-- Exercise --
Exact copy, pictures excluded: please retype the lines from the start of the material through the line containing "Natürliche Goldene Tansanit", both ends included, and nothing more.

-- Information given --
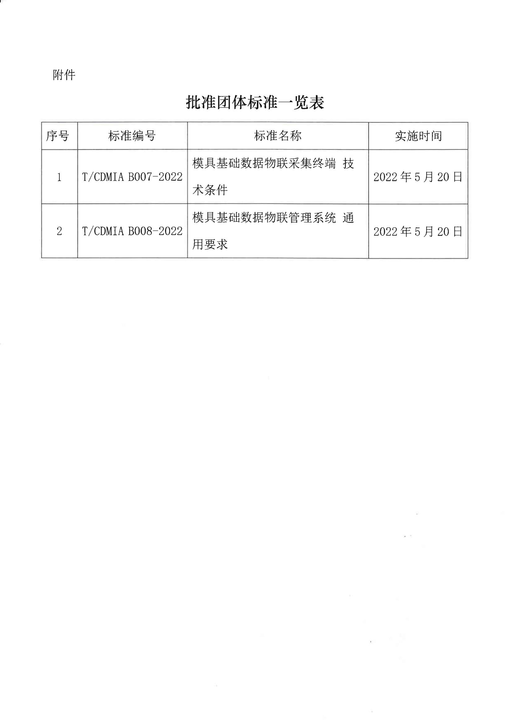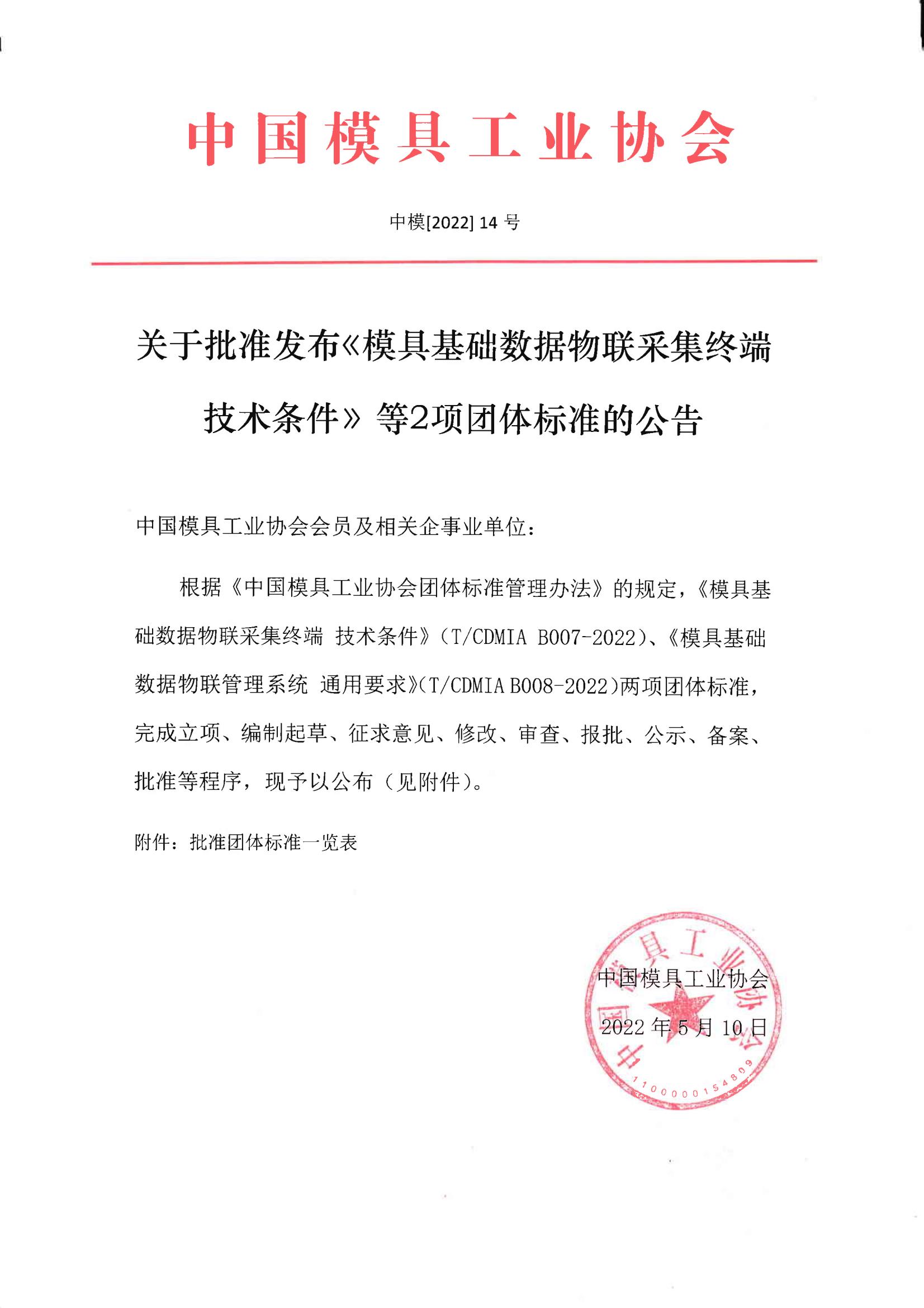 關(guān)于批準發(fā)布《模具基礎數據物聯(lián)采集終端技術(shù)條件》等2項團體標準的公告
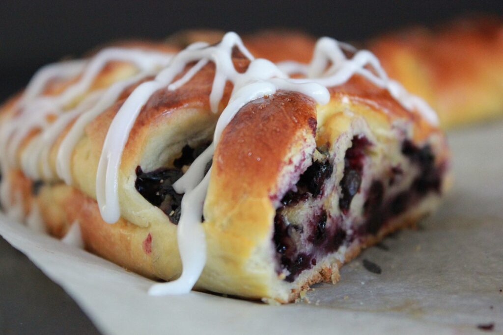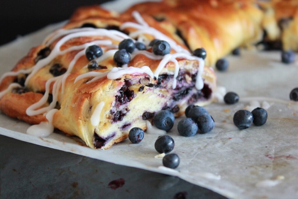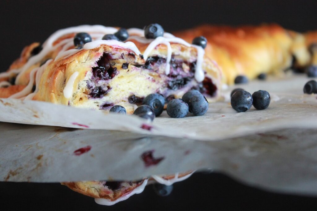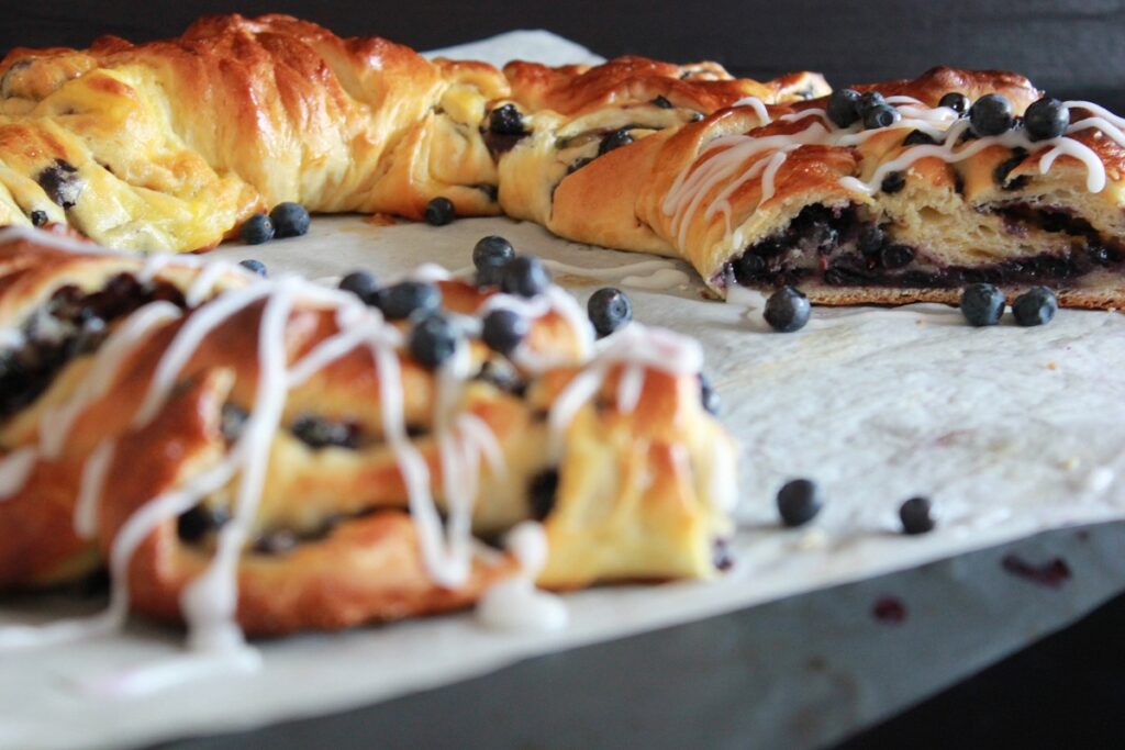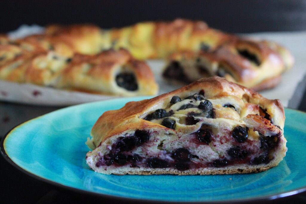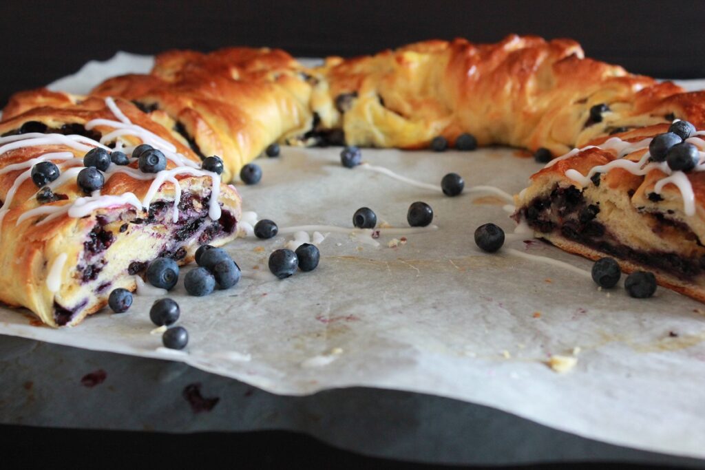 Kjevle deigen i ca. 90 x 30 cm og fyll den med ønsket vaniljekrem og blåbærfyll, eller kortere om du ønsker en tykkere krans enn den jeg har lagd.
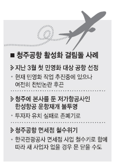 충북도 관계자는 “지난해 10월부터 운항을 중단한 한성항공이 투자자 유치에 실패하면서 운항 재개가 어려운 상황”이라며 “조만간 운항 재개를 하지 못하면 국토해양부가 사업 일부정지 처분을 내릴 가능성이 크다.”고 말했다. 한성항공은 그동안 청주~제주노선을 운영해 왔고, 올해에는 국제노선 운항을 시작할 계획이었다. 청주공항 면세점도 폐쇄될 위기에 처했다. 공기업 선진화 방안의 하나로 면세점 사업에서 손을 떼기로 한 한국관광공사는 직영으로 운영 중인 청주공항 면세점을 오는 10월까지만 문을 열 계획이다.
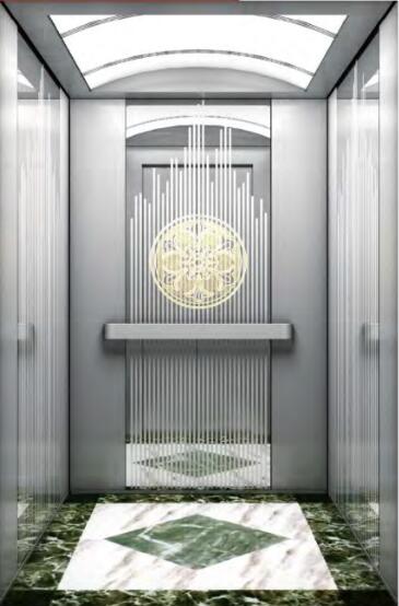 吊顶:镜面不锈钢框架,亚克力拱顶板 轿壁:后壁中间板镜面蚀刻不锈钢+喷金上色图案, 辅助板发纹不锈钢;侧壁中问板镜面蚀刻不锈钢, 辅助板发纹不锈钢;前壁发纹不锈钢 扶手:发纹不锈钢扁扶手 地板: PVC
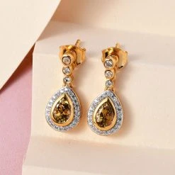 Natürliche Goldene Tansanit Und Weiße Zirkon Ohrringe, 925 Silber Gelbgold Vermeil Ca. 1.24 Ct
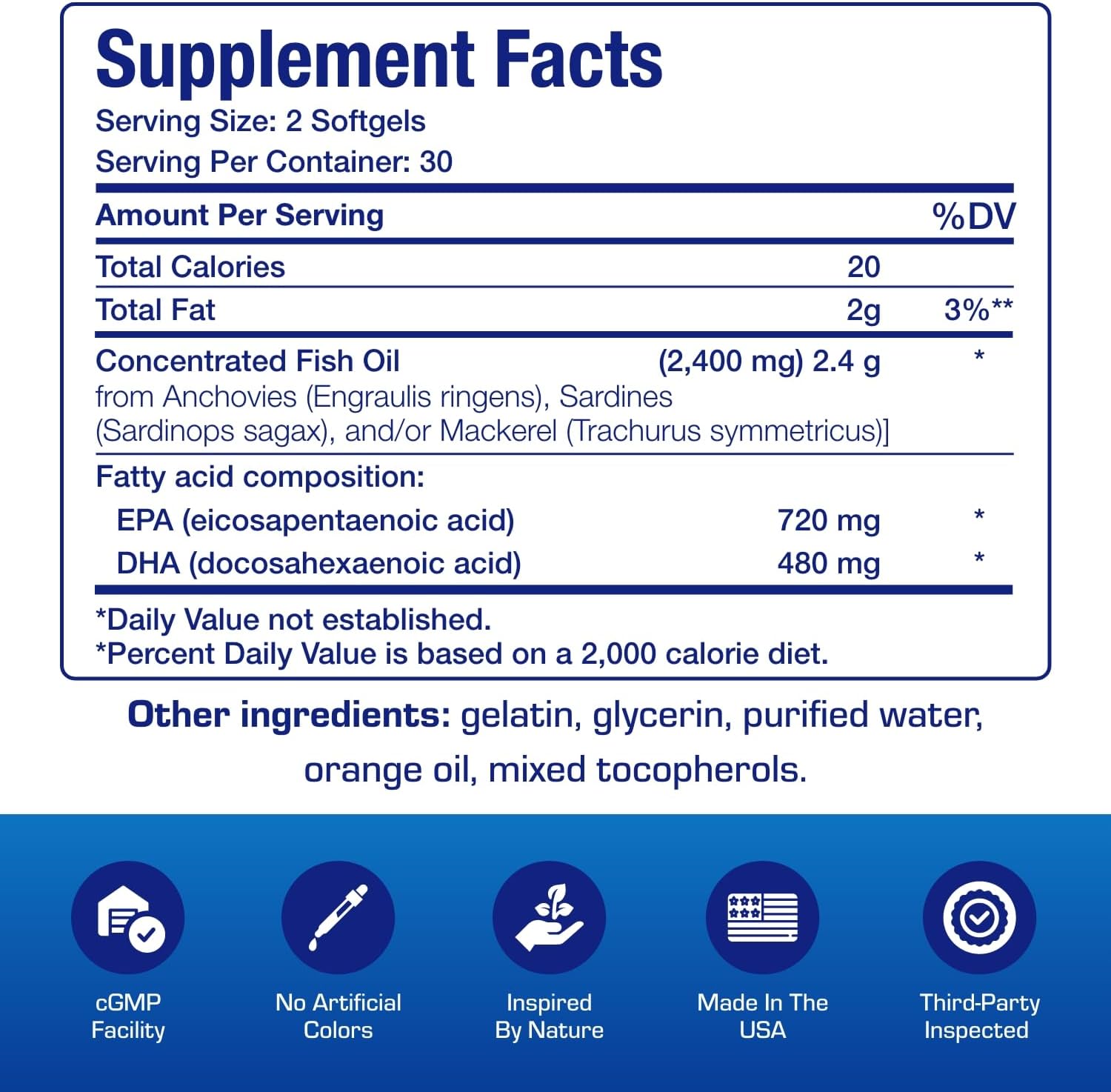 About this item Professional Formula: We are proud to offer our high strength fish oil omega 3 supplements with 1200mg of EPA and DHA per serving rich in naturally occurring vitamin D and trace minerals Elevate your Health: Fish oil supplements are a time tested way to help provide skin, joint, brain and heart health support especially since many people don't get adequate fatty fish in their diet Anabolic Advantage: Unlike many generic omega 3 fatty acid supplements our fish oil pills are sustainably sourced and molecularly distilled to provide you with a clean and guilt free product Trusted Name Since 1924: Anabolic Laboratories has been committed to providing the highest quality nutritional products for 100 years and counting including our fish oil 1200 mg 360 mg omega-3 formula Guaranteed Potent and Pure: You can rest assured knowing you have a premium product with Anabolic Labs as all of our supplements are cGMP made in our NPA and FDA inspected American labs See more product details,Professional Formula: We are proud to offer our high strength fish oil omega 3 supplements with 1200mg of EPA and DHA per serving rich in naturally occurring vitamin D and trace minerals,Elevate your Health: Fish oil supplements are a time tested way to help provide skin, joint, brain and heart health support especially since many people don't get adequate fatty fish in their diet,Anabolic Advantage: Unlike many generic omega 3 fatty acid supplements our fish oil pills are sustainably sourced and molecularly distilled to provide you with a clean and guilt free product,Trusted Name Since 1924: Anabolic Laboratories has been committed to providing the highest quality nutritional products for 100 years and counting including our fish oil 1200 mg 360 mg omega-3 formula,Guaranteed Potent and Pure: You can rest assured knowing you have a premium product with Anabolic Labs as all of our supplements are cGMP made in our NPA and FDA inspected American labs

-- Answer to this exercise --
 關(guān)于批準發(fā)布《模具基礎數據物聯(lián)采集終端技術(shù)條件》等2項團體標準的公告
 Kjevle deigen i ca. 90 x 30 cm og fyll den med ønsket vaniljekrem og blåbærfyll, eller kortere om du ønsker en tykkere krans enn den jeg har lagd.
 충북도 관계자는 “지난해 10월부터 운항을 중단한 한성항공이 투자자 유치에 실패하면서 운항 재개가 어려운 상황”이라며 “조만간 운항 재개를 하지 못하면 국토해양부가 사업 일부정지 처분을 내릴 가능성이 크다.”고 말했다. 한성항공은 그동안 청주~제주노선을 운영해 왔고, 올해에는 국제노선 운항을 시작할 계획이었다. 청주공항 면세점도 폐쇄될 위기에 처했다. 공기업 선진화 방안의 하나로 면세점 사업에서 손을 떼기로 한 한국관광공사는 직영으로 운영 중인 청주공항 면세점을 오는 10월까지만 문을 열 계획이다.
 吊顶:镜面不锈钢框架,亚克力拱顶板 轿壁:后壁中间板镜面蚀刻不锈钢+喷金上色图案, 辅助板发纹不锈钢;侧壁中问板镜面蚀刻不锈钢, 辅助板发纹不锈钢;前壁发纹不锈钢 扶手:发纹不锈钢扁扶手 地板: PVC
 Natürliche Goldene Tansanit Und Weiße Zirkon Ohrringe, 925 Silber Gelbgold Vermeil Ca. 1.24 Ct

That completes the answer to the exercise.